**Task brief:** Once you find the line with "- 【美品 返品保証】", transcribe it and all the lines that follow to the end of the data, exactly as written; skip any pictures.

**Stored data:**
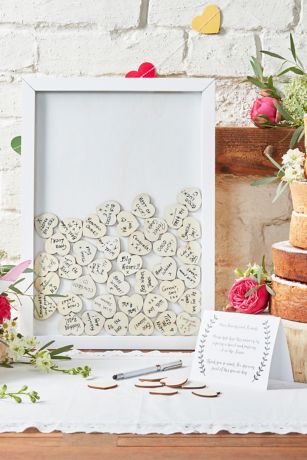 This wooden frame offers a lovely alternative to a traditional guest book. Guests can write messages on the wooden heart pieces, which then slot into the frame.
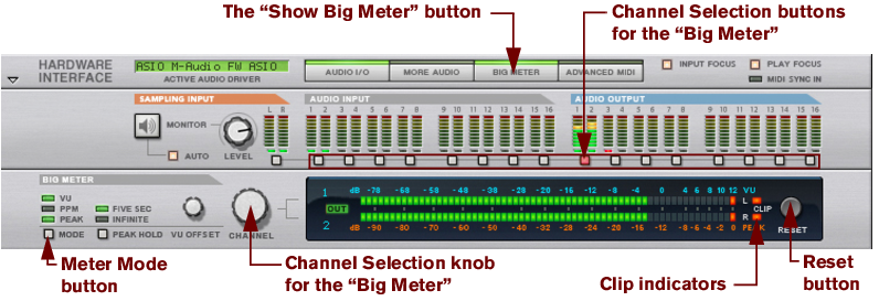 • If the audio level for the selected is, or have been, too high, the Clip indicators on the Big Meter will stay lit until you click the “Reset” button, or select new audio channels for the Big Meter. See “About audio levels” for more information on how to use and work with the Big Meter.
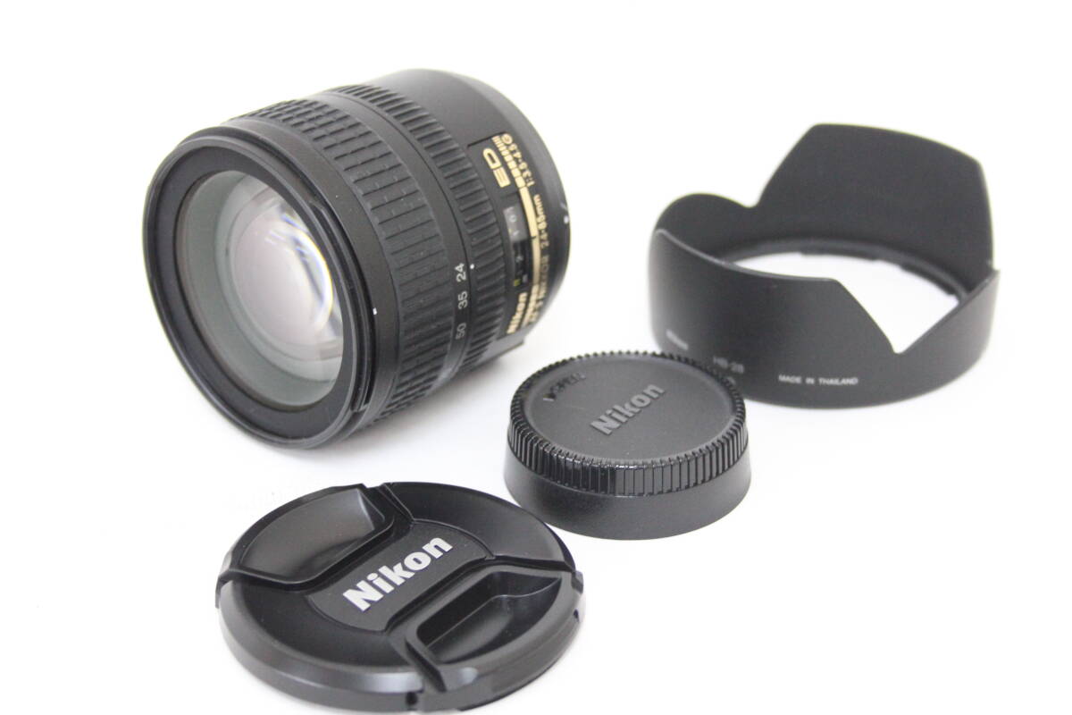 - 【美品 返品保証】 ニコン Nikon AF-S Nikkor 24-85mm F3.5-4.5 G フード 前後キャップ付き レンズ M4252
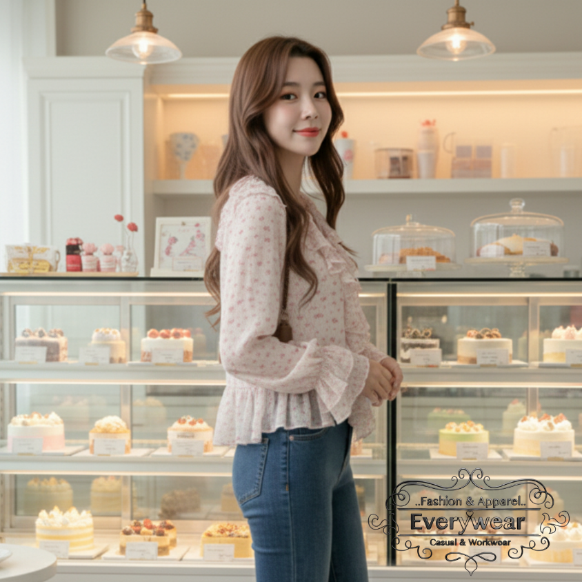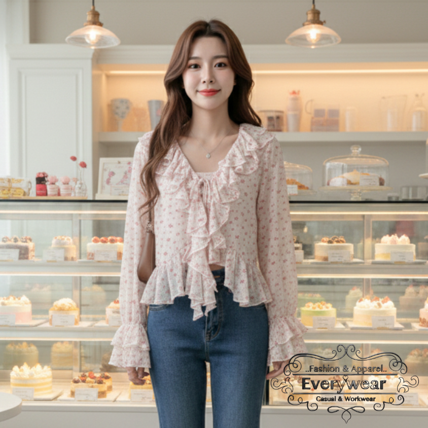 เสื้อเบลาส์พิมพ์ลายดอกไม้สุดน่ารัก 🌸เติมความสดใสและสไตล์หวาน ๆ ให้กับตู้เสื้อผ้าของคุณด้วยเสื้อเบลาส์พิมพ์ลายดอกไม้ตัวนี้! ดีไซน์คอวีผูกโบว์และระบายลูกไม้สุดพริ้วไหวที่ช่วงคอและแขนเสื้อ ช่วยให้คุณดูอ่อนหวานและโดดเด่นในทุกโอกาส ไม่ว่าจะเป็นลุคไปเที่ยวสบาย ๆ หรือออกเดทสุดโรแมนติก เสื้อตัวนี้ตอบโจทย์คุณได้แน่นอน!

**Task result:**
 - 【美品 返品保証】 ニコン Nikon AF-S Nikkor 24-85mm F3.5-4.5 G フード 前後キャップ付き レンズ M4252
 เสื้อเบลาส์พิมพ์ลายดอกไม้สุดน่ารัก 🌸เติมความสดใสและสไตล์หวาน ๆ ให้กับตู้เสื้อผ้าของคุณด้วยเสื้อเบลาส์พิมพ์ลายดอกไม้ตัวนี้! ดีไซน์คอวีผูกโบว์และระบายลูกไม้สุดพริ้วไหวที่ช่วงคอและแขนเสื้อ ช่วยให้คุณดูอ่อนหวานและโดดเด่นในทุกโอกาส ไม่ว่าจะเป็นลุคไปเที่ยวสบาย ๆ หรือออกเดทสุดโรแมนติก เสื้อตัวนี้ตอบโจทย์คุณได้แน่นอน!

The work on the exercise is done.